Jacques DDonato et Philippe Lacarrière

Les Vendredis Café-doc’, une fois par mois à Cerny, sont des projections vidéo de films documentaires suivis d’un débat convivial sur des sujets variés qui touchent chacun d’entre nous : société, écologie, service public, immigration…

L’association propose également un atelier hebdomadaire de sculpture à Cerny, animé par Guillaume Roche, sculpteur diplômé et pilier de l’association.

On notera également le match musical Bordeaux contre Bourgogne. Née autour d’une table, cette mise en scène est issue des disputes vignobl’amicales entre Franck Tortiller, bourguignon d’origine et Philippe Laccarrière, bordelais. Pour ponctuer leurs querelles A.O.C, ils ont convié la comédienne Dominique Devals à lire des textes vinifiés, autour d’une dégustation : « Un spectacle grand cru, à consommer... sans modération ! »

Pour la saison 2013, l’association propose les samedis matins précédant les concerts du dimanche des Conf’écoute, en rapport avec les concerts qui ont lieu dans le même lieu le lendemain, animées par Philippe Laccarrière avec comme thématique « Les courants du jazz », « Des voix dans le jazz », « L’utilisation de l’électronique dans le jazz »... illustrées par l’écoute de disques spécialement sélectionnés pour l’occasion.

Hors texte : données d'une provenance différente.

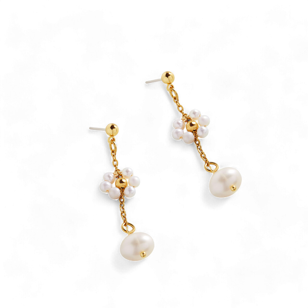 Mint & Lily's Marguerite Pearl Earrings are a stunning blend of elegance and whimsy, featuring delicate pearl daisies that dangle gracefully. Each earring showcases beautifully crafted pearls, forming charming floral motifs that catch the light with every movement.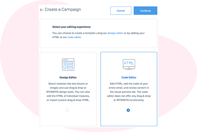 Das Tutorial geht davon aus, dass Sie Ihre HTML-E-Mail-Vorlage mit dem vorbereitet und hochgeladen haben Code-Editor Möglichkeit. Erstellen Sie Ihre E-Mail-Vorlage mit dem Design-Editor wird ebenfalls unterstützt.
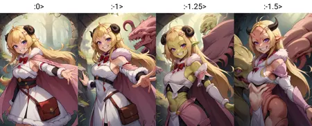 所需权重的高低取决于你的提示词长度、使用的其他LoRA和检查点。权重范围可在 -0.5 到 -2 之间。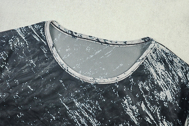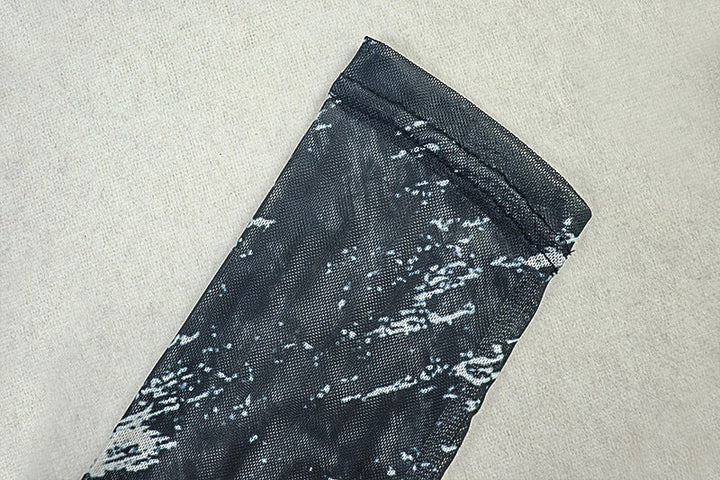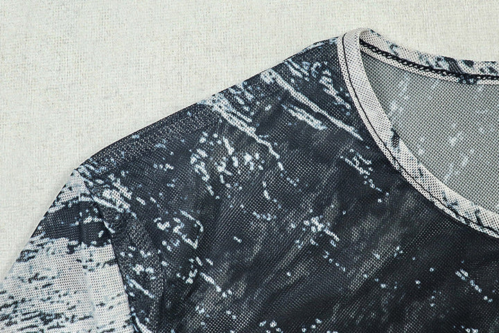 Long sleeve mesh crewneck contrast maxi dress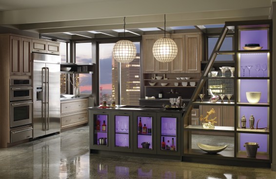 Colorful backlighting is a quick way to refresh built-ins and keep living spaces on-trend. “Deep purples break the barrier of primarily feminine appeal, and broaden its usability into a darker, sophisticated jewel-tone realm. Pantone’s Ultra Violet encompasses these traits as well as an energetic electricity to add more personality to the home,” says Stephanie Pierce, director of design and trends at MasterBrand Cabinets. www.masterbrand.com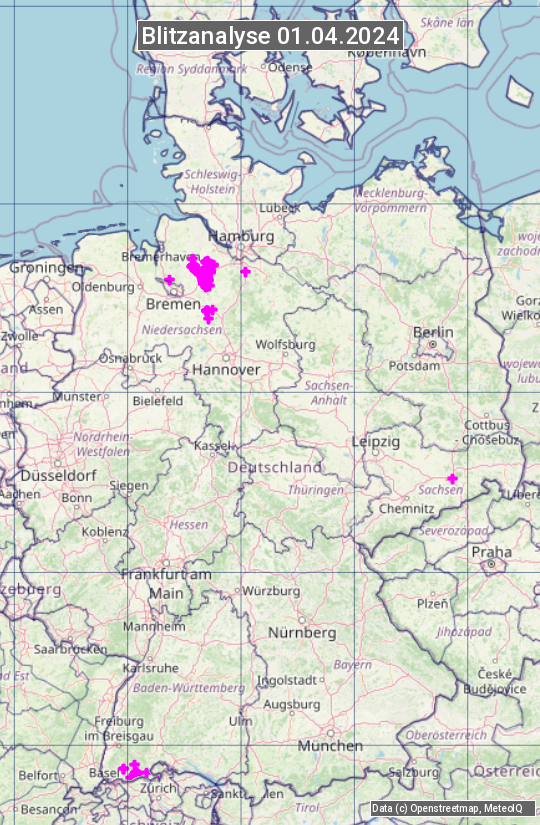 Die Blitzübersicht zeigt alle registrierten Blitze am 01.04.2024. Sie basiert auf dem Blitzortungssystem Blids der Firma Siemens.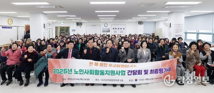 광장일보 나병석 기자 | 오산시는 지난 4일 대한노인회 경기 오산시지회와 함께 오산남부종합사회복지관 2층 강당에서 ‘2025년 노인일자리 및 사회활동지원사업(경로당도우미·경로당매니저)’ 참여자 180명을 대상으로 최종평가회를 개최했다고 밝혔다.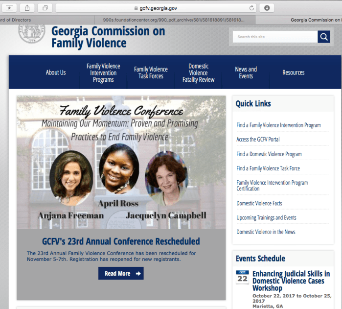 Current look at GA Commission on Family Violence Pls. notice “Enhancing Judicial Skills” at bottom right. This just took place Oct. 22, 2017! Below (but not in image) a Sept. one was for DV advocates.
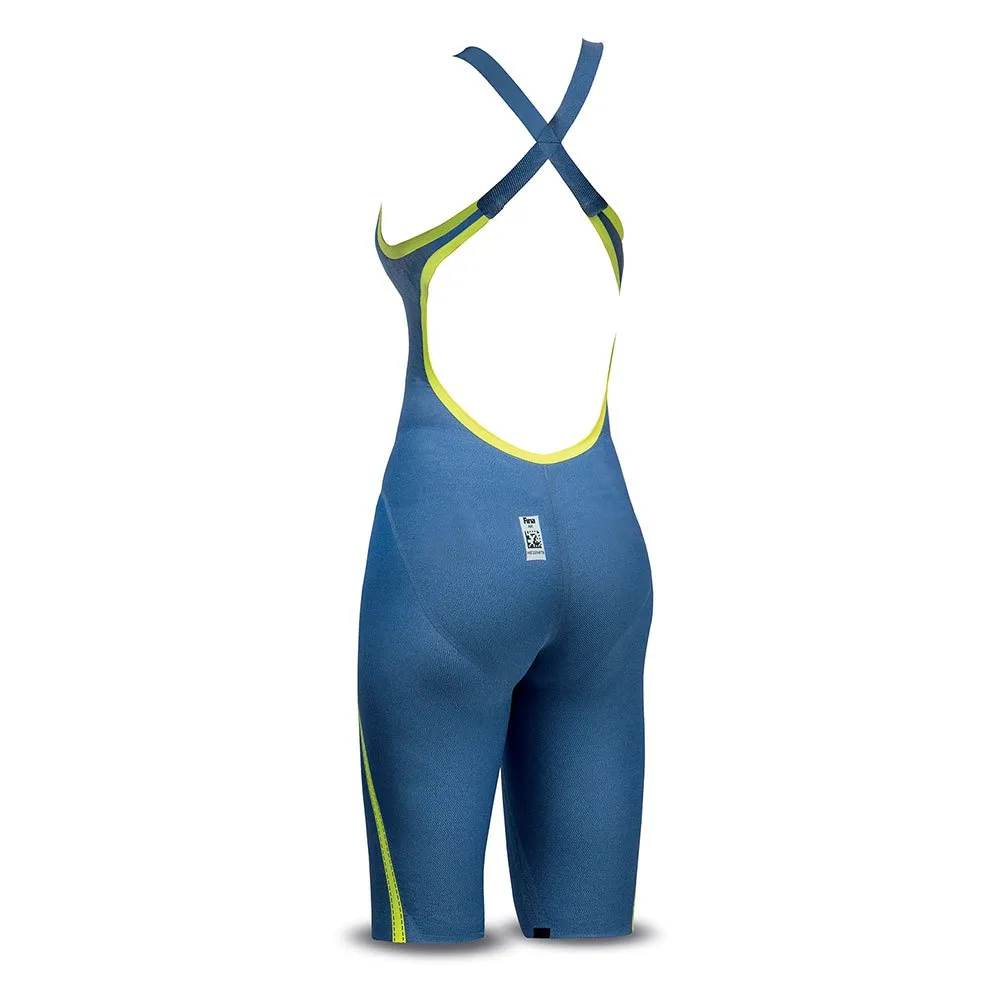 LIQUIDFIRE CORE The material is constructed on the basis of denim, which typically has a superficial diagonal pattern, made with the use of threads of different dimensions and structures. Once worn,it can stretch, creating a slightly undulating surface to follow water flow. This moulded surface has a separating effect between the viscosity of the water and the progress of the athlete, allowing a more natural movement and increasing lift. The helicoidal structure of the surface of the material and the cut of the costume without opposition points, or rather without closed rings of material around the body, allow the garment more stretch so that it remains adherent to the body without points of localized pressure. Furthermore, this construction leads to greater wearability,especially for women. As part of this research we have reduced pressure at the ends of the legs, still guaranteeing hold and avoiding uncomfortable constriction above the knee.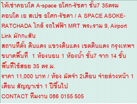 ไม่รับนายหน้า ให้เช่าคอนโด A-space อโศก-รัชดา ชั้น7 35ตรม

La démarche militante de l’association Au Sud du Nord est donc salutaire, de part les alliances artistiques qu’elle défend dans un paysage culturel français où les différentes formes d’art se mélangent finalement assez peu, les nombreux rendez-vous qu’elle propose, la fidélité qu’elle accorde à de nombreux artistes, l’accessibilité des musiques proposées, les tarifs modestes loin de ceux pratiqués dans certains clubs et la diversité des lieux qu’elle occupe dans une région où la diffusion du jazz est souvent réduite aux salles de la capitale ou des banlieues proches. Pour les parisiens et banlieusards souvent plus intéressés à fréquenter les scènes intra-muros, on ne peut que vous conseiller d’aller prendre une bouffée d’air pur dans les campagnes vertes de l’Essonne lors d’une des nombreuses manifestations organisées par cette belle association.